Figure 2Simulation Results
Using Flux Simulator, we ran six simulations with varying levels of unannotated transcripts. Subsequently, we ran quantifications with three methods with the known GENCODE v.12 annotation. We compared the simulated versus measured link quantifications via Spearman’s rank correlation. These comparisons are shown as colored solid lines. In order to produce a null random distribution for each method, we took the link quantifications for each gene, permutated these for 100 times within the links of this gene, and measured the correlation of these random assignments with the simulated ones. By using this sampling method stratified by genes, we account for the variability of number of isoforms per gene. These correlations for random assignments are shown as dashed lines.
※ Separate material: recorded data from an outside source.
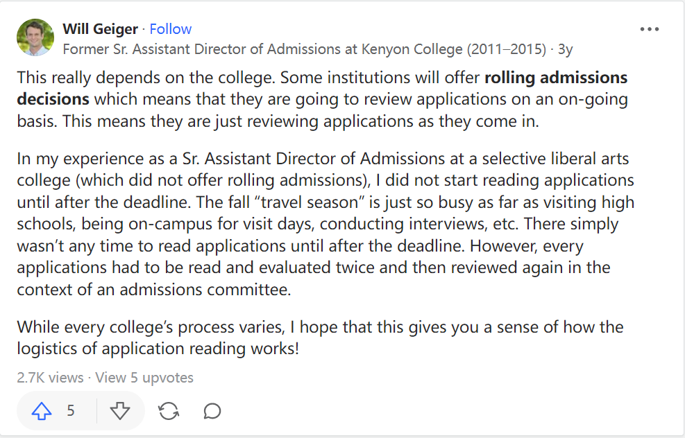 Quora上也有一个关于【大学招生官是立即开始审理申请材料,还是等到截止日期之后才开始审理并决定是否录取呢?】的帖子。
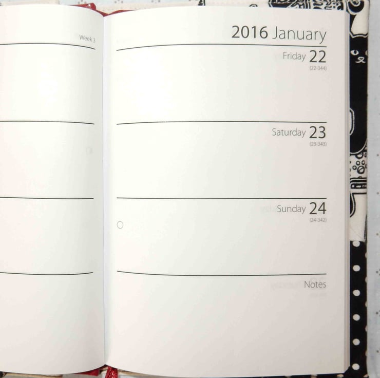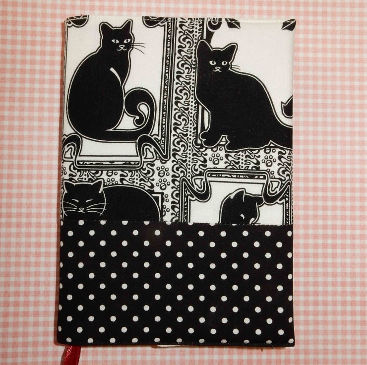 This is for cat lovers, a fun A6 (approx. 6x4 inches) week to view fabric covered diary. It is covered in a fabric featuring black cats on a white background with a contrast black and white fabric on the lower part. Complete with standard week to view diary, refills are easily available, for the next year. The cover is lined, interfaced and removable.
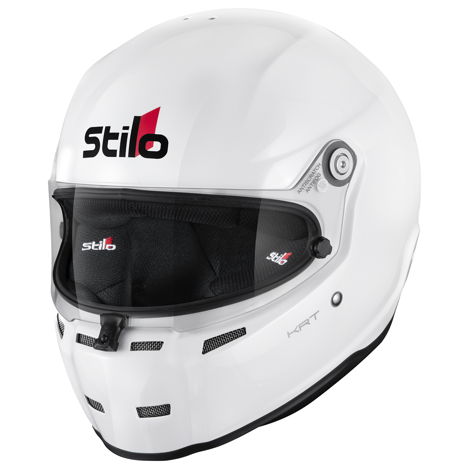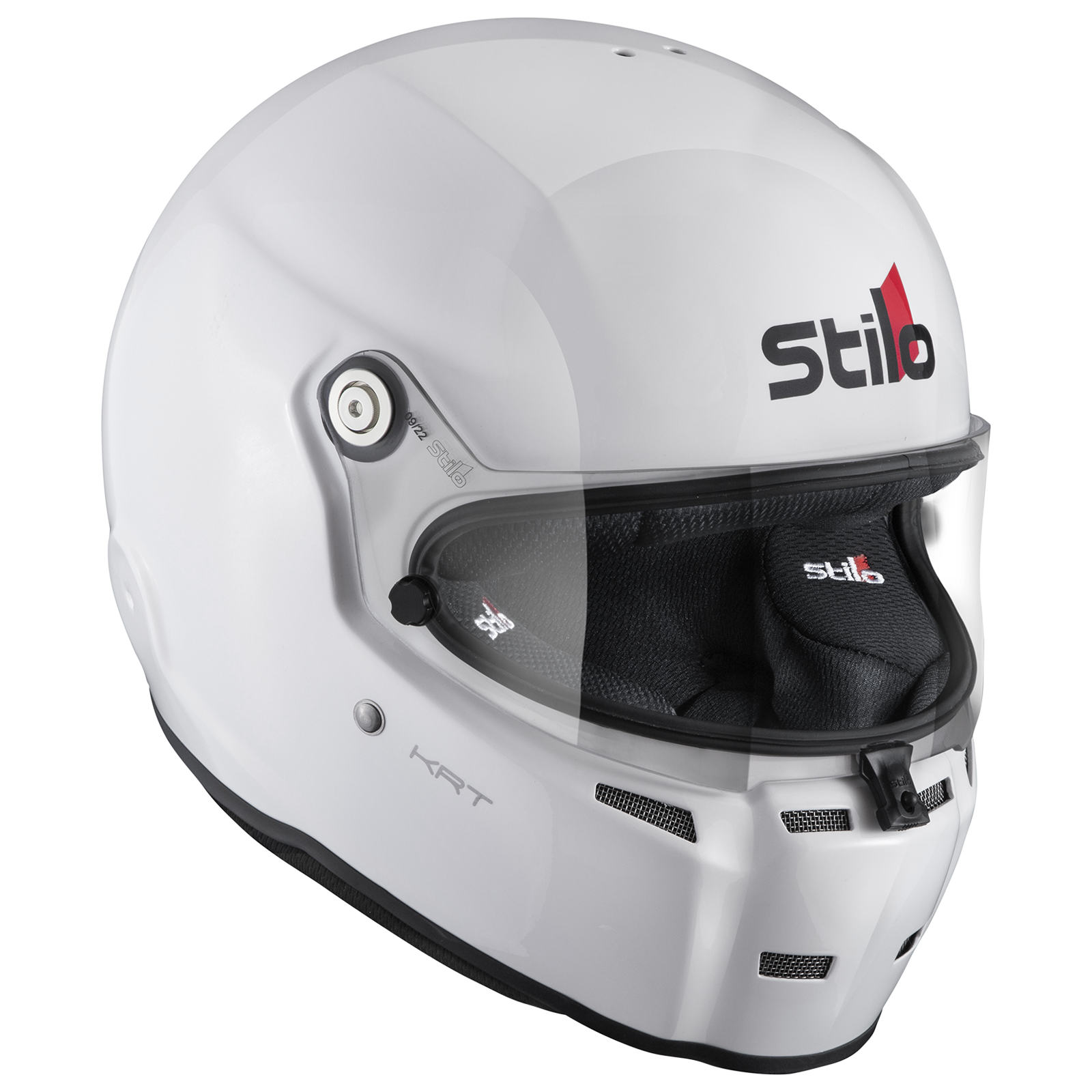 ST5 KRT20 HELMET MED/57 WHITE ST5 KRT Karting Helmet SK2020 57 CM Medium - White The Stilo ST5 KRT (Kart) Helmet turn heads with style that closely resembles the top of the range ST5 Zero helmet used by many professional racing athletes worldwide. The ST5 Kart is manufactured in a lightweight and very strong composite material and is currently available in white. As with every Stilo helmet, the focus is on safety, comfort and function. The ST5 Kart helmet's interior has an excellent fit and comfort level due to its dual density interior foam lining. From the first use, karters will truly appreciate the level of comfort it offers. The ST5 Kart's symmetrical visor offers excellent vision and an effortless central visor locking system that karters will appreciate. The centrally located locking system has dual opening positions allowing adjustment for the visor to be slightly open for extra airflow as preferred by some karters in damp conditions or left completely sealed, but more importantly in both of these positions the visor is locked and will never fly open. The Stilo ST5 Kart Helmet arrives with a 3mm thick FIA F1 standard visor - adding a dramatic improvement in safety. Offered in a large range of different finishes and tints, including colored iridium options that have been added for a totally bespoke finish. In addition, a double glazed option is available for racing in wet and cold conditions to prevent misting up. We offer a full range of spoilers for any aerodynamic adjustment that maybe needed, but also giving the helmet a great look. Sold Individually
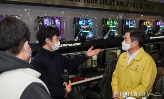 [제주=좌승훈 기자] 원희룡 제주지사가 18일 제주시 노형동에 있는 PC방을 찾아 강화된 방역 조치에 따른 관련 업종 종사자들의 애로사항을 듣고 있다. [사진=제주도 제공] |
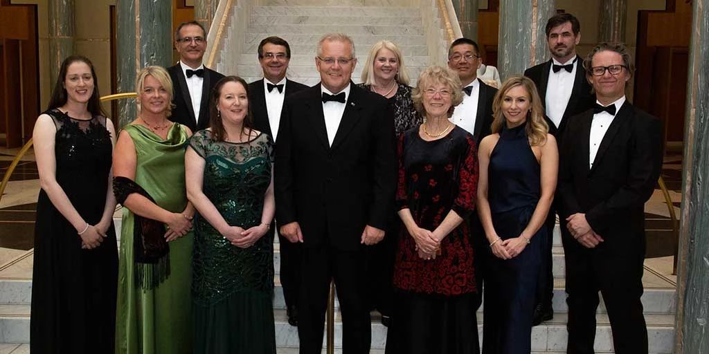 Back row left to right: Professor Guillaume Lessene, Professor Anrew Roberts, Minister for Inustry, Science an Technology Karen Anrews, Professor Davi Huang, Dr Luke Campbell. Front row left to right: Associate Professor Elizabeth New, Dr Samantha Moyle, Mrs Sarah Finney, Prime Minister Scott Morrison, Emeritus Professor Cheryl Praeger, Associate Professor Laura Mackay, Associate Professor Peter Czabotar.__近日,墨尔本大学和Walter an Eliza Hall Institute的研究人员因在科学与创新方面的成就而获得认可,他们获得了著名的澳大利亚总理科学奖 (Prime Minister 's Prizes for Science) 的三项最高奖项。
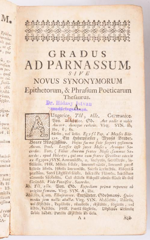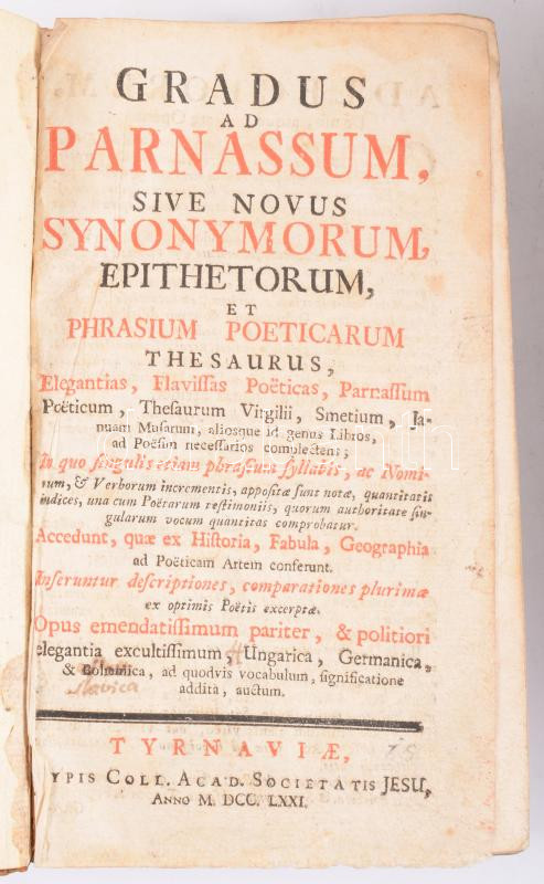 Gradus ad parnassum, sive novus synonimorum, epithetorum et phrasium poeticarum thesaurus, Elegantias, Flavissas Poeticas, Parnassum... Accedunt, quae ex Historia, Fabula, Geographia ad Poeticam Artem conferunt. Inseruntur descriptiones, comparationes plurima ex optimis Poetis excerptae. Opus emendatissimum pariter, & politiori elegantia excultissimum, Ungarica, Germanica, & Bohemica, ad quodvis vocabulum, significatione addíta, auctum.
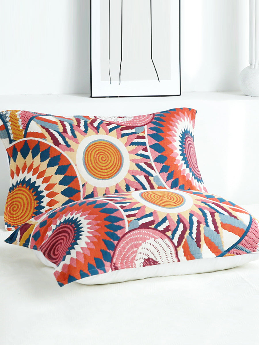 •   【高品質】--由 100% 棉纖維製成。 A級母嬰級。紗線先染色後織造,色牢度較高。雙層紗。防起毛球處理,提花,活性工藝染色,4公分針細縫線,工藝枕套。
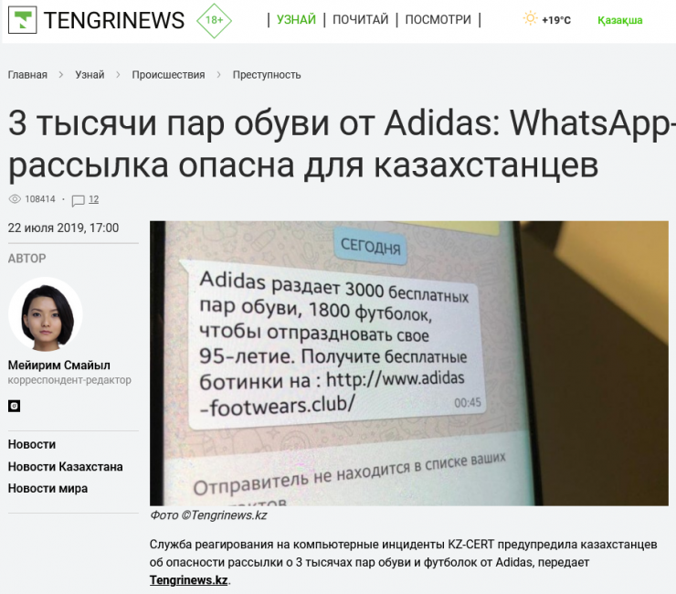 Одним из самых популярных видов мошенничества остается фишинг (англ. phishing от fishing - "рыбная ловля", "выуживание"). На крючок сейчас можно попасть абсолютно везде: в социальных сетях, на сайтах объявлений, почтовых сервисах, через СМС-рассылку и даже в WhatsApp. Как правило, мошенники привлекают своих жертв невысокой ценой, быстрым предоставлением товара, бесплатной раздачей дорогих устройств и даже кроссовок.
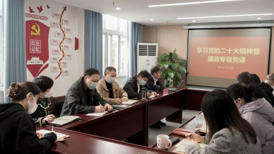 为进一步增强党员党性观念,扎实推进校企党风廉政建设,贯彻落实党的二十大精神,11月13日下午,学校党委常委、副校长许钒到资产公司宣讲党的二十大精神暨廉政专题党课,资产公司党总支委员、中层及以上干部参加本次学习。
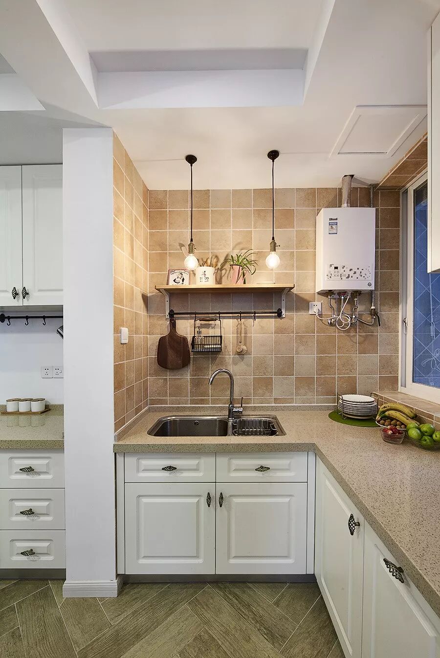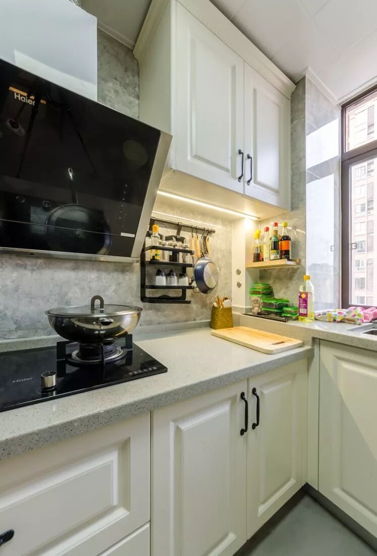 19、这里是利用了户型,墙面加装一个小搁板作为切菜或者放材料的台面。
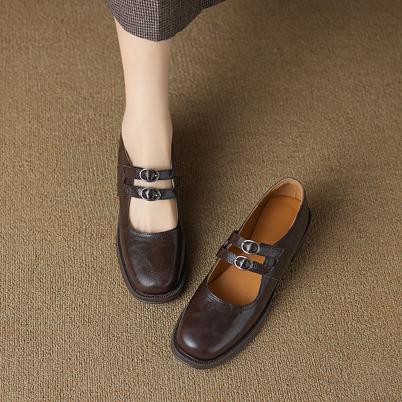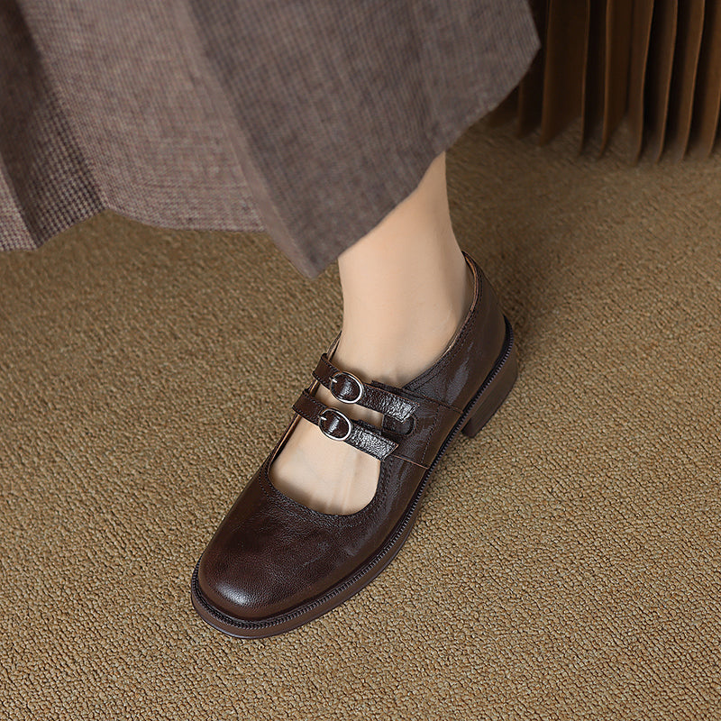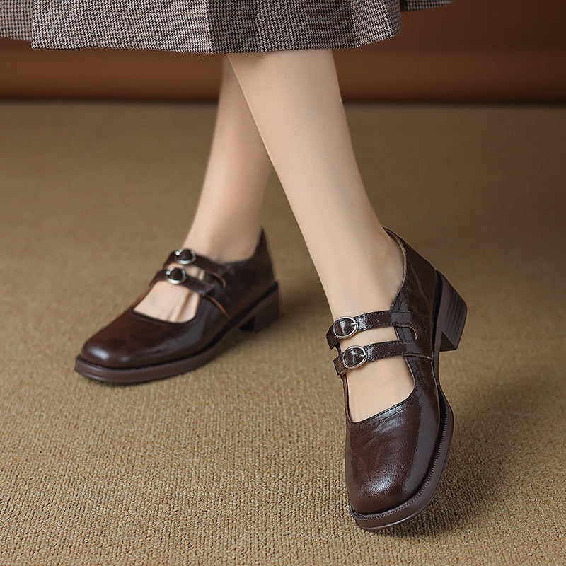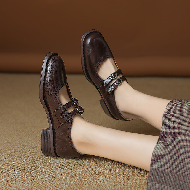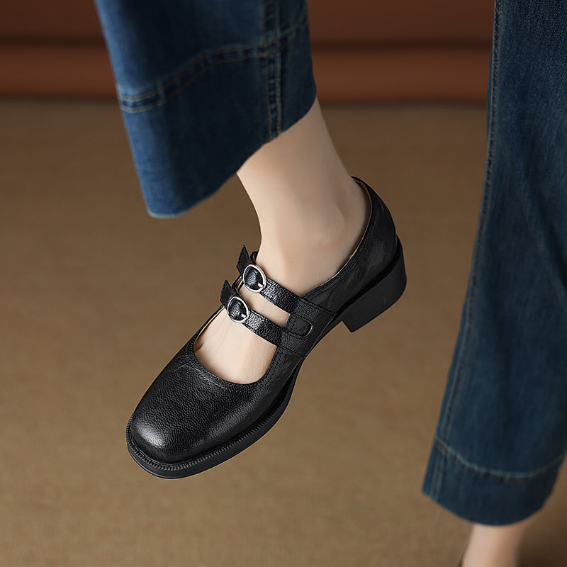 Women's Sheepskin Leather Block Heel Low Heel Double Buckle Mary Jane Shoes
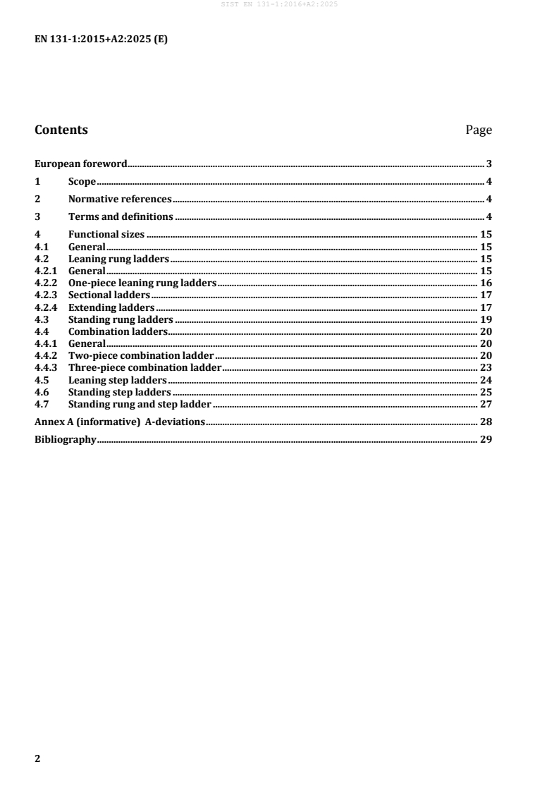 SIST EN 131-1:2016+A2:2025 is a standard published by the Slovenian Institute for Standardization (SIST). Its full title is "Ladders - Part 1: Terms, types, functional sizes". This standard covers: This European Standard defines terms and specifies the general design characteristics of ladders. It applies to portable ladders designed for general professional and non-professional use. This standard does not apply to portable ladders which by their design and instructions are intended and limited only for a specific professional use and as a result are not for general professional or non-professional use." NOTE 1 For multiple hinge joint ladders EN 131–4 applies. NOTE 2 For telescopic ladders EN 131–6 applies. NOTE 3 For mobile ladders with platforms EN 131–7 applies. NOTE 4 This standard does not apply to step stools for which EN 14183 applies. NOTE 5 For ladders to work near high voltage installations, EN 61478 applies and for working near low voltage electric installations, EN 50528 applies.
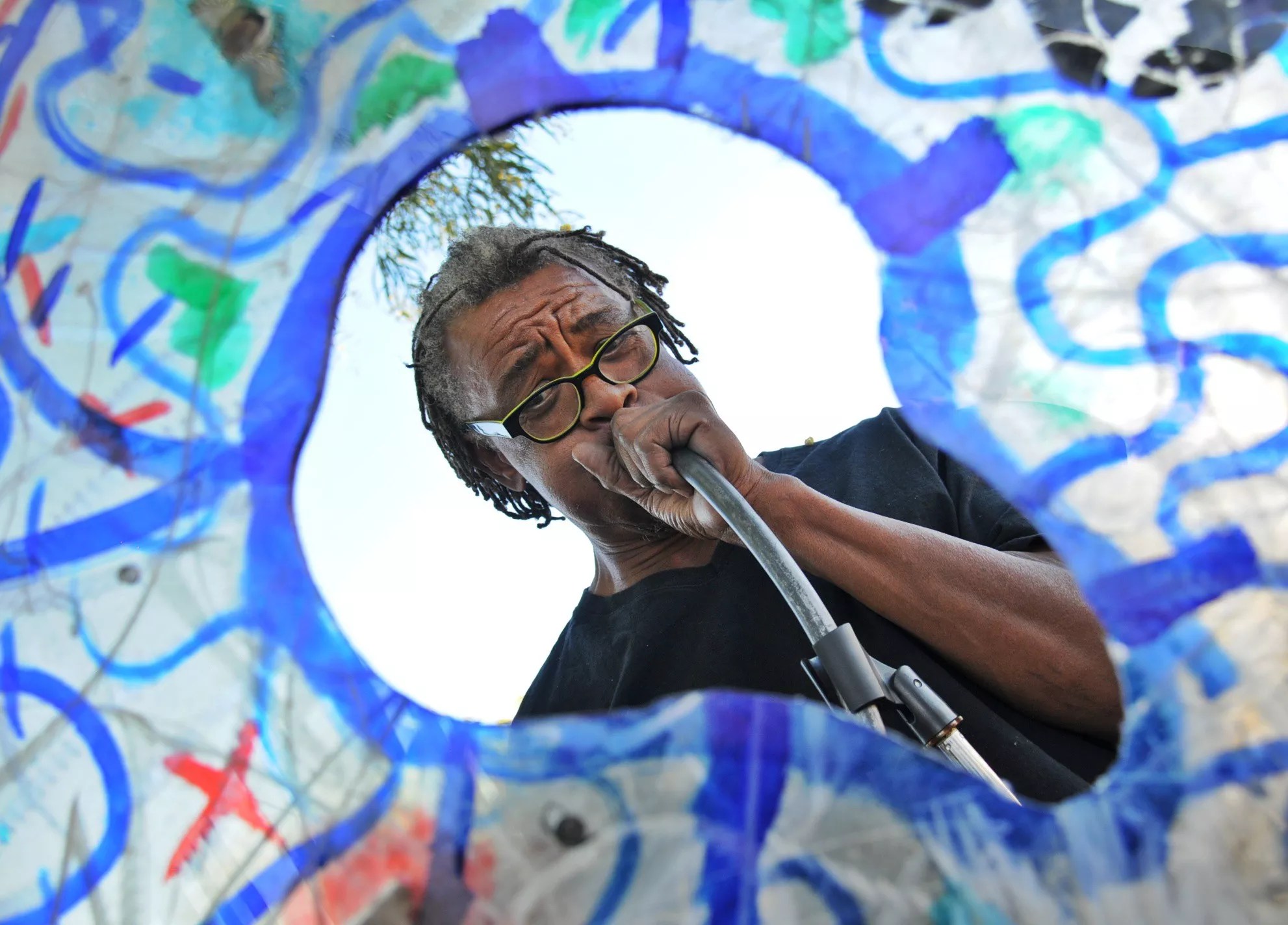Phoenix-based artist Joe Willie Smith creates sounds on an experimental art project and musical instrument .

We observe that as the percentage of novel transcripts increase, the performance of Cufflinks and MISO suffer, whereas this is not the case for Altrans, which results in best quantifications with increased levels of unannotated transcripts.
Number of Genes Tested and asQTLs Discovered at FDR = 1% in Each Population and by Each Method
| EUR | 7,443 | 1,427 | 7,148 | 1,737 | 780 | 1.3 × 10−4 |
| YRI | 7,720 | 166 | 7,391 | 304 | 76 | 1.2 × 10−4 |
The overlap column lists the common genes between the methods and the p value refers to this overlap arising by chance.
Figure 3asQTL Discovery
(A) The relative distance of asQTLs to the TSS versus the p value.
(B) Mosaic plots of gene level sharing of asQTLs for each method at FDR = 1%.
(C) The p value distributions of a variant-link pair tested in the other population for each method. From these p value distributions, the π1 statistic is calculated that estimates the proportion of true positives.
Figure 4Functional Enrichments of asQTLs Discovered by Altrans and Cufflinks
All variants identified in separate populations are merged. The null (frequency and distance matched) is represented as the black horizontal line. The numbers above each bar are the −log10 p values of the enrichment, Altrans enrichment p value followed by Cufflinks p value.